Advantages | Disadvantages |
---|---|
It’s straightforward to check and enforce | It might be too strict and disallow some schedules (orders of transactions) that could still be correct. |
It’s easier to understand and implement | It might not be the most efficient way to run transactions. |
View Serializability:
- This type of serializability is more flexible and less strict than conflict serializability.
- Two transactions are view serializable if they result in the same final database state, even if they don’t follow the exact same order.
- It looks at the overall effect of the transactions rather than just the conflicting actions.
Advantages | Disadvantages |
---|---|
Allows more schedules that can still be correct, providing more flexibility | It’s harder to check and enforce compared to conflict serializability |
Testing of Serializability in DBMS with Examples
Testing serializability in DBMS is very important as it maintains the accuracy and stability of multiple simultaneous transactions.
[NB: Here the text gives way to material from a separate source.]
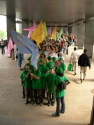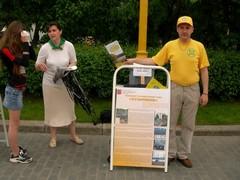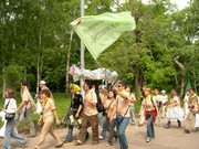 05.06.2006 Московские охраняемые территории отпраздновали Всемирный день окружающей среды 4 июня природные парки и заказники г. Москвы провели на Воробьевых горах праздник, посвященный Всемирному дню окружающей среды. Мероприятие было организовано дирекциями столичных особо охраняемых природных территорий (ООПТ) при поддержке Департамента природопользования и охраны окружающей среды города Москвы. Участвовали парки и заказники "Воробьевы горы", "Битцевский лес", "Долина реки Сетунь", "Москворецкий", "Теплый Стан", "Долина реки Сходни в Куркино", "Кузьминки-Люблино", "Петровско-Разумовское", "Измайлово", "Тушинский", "Косинский", "Серебряный бор", "Кусково", национальный парк "Лосиный остров", несколько подмосковных охраняемых территорий, а также Фонд развития экотуризма "Дерсу Узала". Началось всё с красочного костюмированного шествия от станции метро Воробьевы горы. Сотрудники парков и школьники, являющиеся их активными помощниками, выстроились в колонну и под разноцветными флагами с названиями охраняемых территорий прошествовали по улице Косыгина до смотровой площадки. В сквере напротив площадки с видом на главное здание МГУ и проходили основные мероприятия праздника. После приветственного слова от представителей ООПТ и общественных экологических организаций были подведены итоги конкурса среди школьников на право участия в экологических лагерях. А затем начали работу различные площадки. Каждый мог поучаствовать в экологической викторине, развлекательных играх, в мастер-классах по изготовлению поделок и сувениров из природного материала. На всех мастер-классах выдавались жетоны, которые можно было обменять в течение праздника на ярмарке подарков. Среди детей прошел конкурс на лучший экологический костюм. В качестве материала для костюмов выступил бытовой мусор: целлофановые пакеты, пластиковые бутылки, фантики, окурки, сигаретные пачки, одноразовая посуда, использованные диски, газеты и т.п. Облаченные в экокостюмы участники и участницы дефилировали по скверу, а обладатели жетонов вручали их наиболее понравившимся "моделям". В конце праздника победители конкурса получили призы. Кроме того, на одной из площадок проходило выступление детского фольклорного ансамбля, а на другой - коллективов бардовской песни. Демонстрировалась фотовыставка "Живой город". На выставке стендов ООПТ можно было узнать более конкретно о каждой из охраняемых природных территорий и получить продукцию с их символикой. А еще каждый из участников мог написать свое пожелание природе на специальном "листике" и украсить им сухое "Дерево Надежды". К сожалению, на мероприятии совершенно незаметны были представители средств массовой информации, хотя одной из главных целей организаторов являлось привлечение внимания к московским охраняемым территориям. Большинство из них образовано совсем недавно, и многие москвичи пока плохо представляют себе, что такое охраняемые природные территории и какие парки и заказники существуют в их городе. Пресс-служба ЦОДП
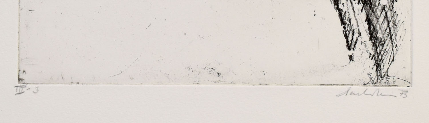 Original etching on handmade paper, signed, dated (73) and inscribed „III-3“ (3rd state, 3 copies) by Rolf Sackenheim below the illustration in lead. Dimensions picture / plate: 24.8 x 22.8 cm. Dimensions sheet: 44.7 x 34.0 cm. Provenance: From the collection of the Düsseldorf collector couple Ruth and Johannes Schreiber. Sheet on verso with collector’s stamp. Very good copy.

There are two methods of testing serializability in DBMS: the precedence graph method and the serialization graph method.
Precedence Graph Method
Let us take an example and test serializability with a step-by-step process.
Consider a schedule with three transactions, T1, T2, and T3, and the following set of operations:
1
2
3
T1: R(A), W(B)
T2: W(A), R(B)
T3: R(B), W(A)
Firstly, we will create a precedence graph.
T1 -> T2 T2 -> T3 T3 -> T1
In this step, we will check the presence of the cycle in the graph. If there is no cycle, then the schedule is serializable.
In the example, T1 -> T2 -> T3 -> T1 makes up a cycle, so the schedule is not serializable.
Conflict Serializability Method
This method checks for the conflict between write and read operations. Let us take the example shown for the above method and test serializability with a step-by-step process.
1
2
3
T1: R(A), W(B)
T2: W(A), R(B)
T3: R(B), W(A)
Step 1: we will look for the pairs of conflicting operations in this step.
1
2
T1 and T2 conflict on (R(A), W(A))
T2 and T3 conflict on (R(B), W(A))
Step 2: If there is no conflict, then the schedule is serializable; otherwise, we would need to do some other analysis to find out the serializability.
There is a conflict between T1 and T2, T2 and T3, so the schedule is not serializab
Conclusion
Transactions are a fundamental concept in databases. They help ensure data consistency and integrity. Understanding transactions is essential for anyone working with databases.
I hope you all have understood the concept of transactions in databases. If you have any queries, feel free to ask. Thank you for reading!